Já o time foi entregue ao ex-volante Pingo. Com o novo treinador, a equipe passou a apresentar um futebol ofensivo, chegando novamente à semifinal do Gauchão. Acabou eliminada pelo Inter, na estreia de Paolo Guerrero, mas a campanha rendeu o título de campeão do Interior.
Na Série D, o clube foi bem novamente. Mesmo surpreendendo ao trocar de treinador em meio ao campeonato (Paulo Henrique Marques substituiu Pingo), o time chegou às quartas de final pelo segundo ano consecutivo. Desta vez, o algoz foi o Manaus-AM, que sepultou o sonho grená de chegar à terceira divisão com uma vitória por 3 a 0. Assim, tendo apenas a Copa FGF no horizonte, a direção enxugou a folha salarial e apostou no técnico Rafael Lacerda (ex-zagueiro do clube), que foi mantido como treinador para esta temporada.

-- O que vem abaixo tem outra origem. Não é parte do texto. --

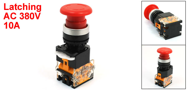 DetailsRed Mushroom Head DPST Latching Emergency Stop Push Button Switch 380VAC 10A  Item Name Push Button Switch Contact Type Latching DPST Ui 380VAC Ith 10A Button Color Red Mounting Thread Diameter 22mm / 0.87" Button Cap Dia 35mm /1.4" Terminals Number 4 Overall Size 8.8 x 4 x 3.5cm/3.4" x 1.6" x 1.4"(L*W*H) Material Plastic, Electronic Parts Weight 56g Package Content 1 Pcs x Push Button Switch

— Modéstia à parte, embora eu não tenha o perfil de aparecer, tenho trabalhado nos bastidores do futebol profissional e amador. Precisávamos remontar nosso elenco, não tínhamos dinheiro e sentamos para conversar com quatro treinadores para saber o que eles pensavam sobre futebol e gestão de vestiário. Percebi que o Lacerda não devia nada aos outros anteriores e ainda se identificava com o clube. Era jovem e tinha a gana de fazer acontecer. Então, eu digo que não é uma aposta, é uma convicção — sentencia o ex-presidente, que em novembro passou o bastão para o atual mandatário, Paulo César Santos.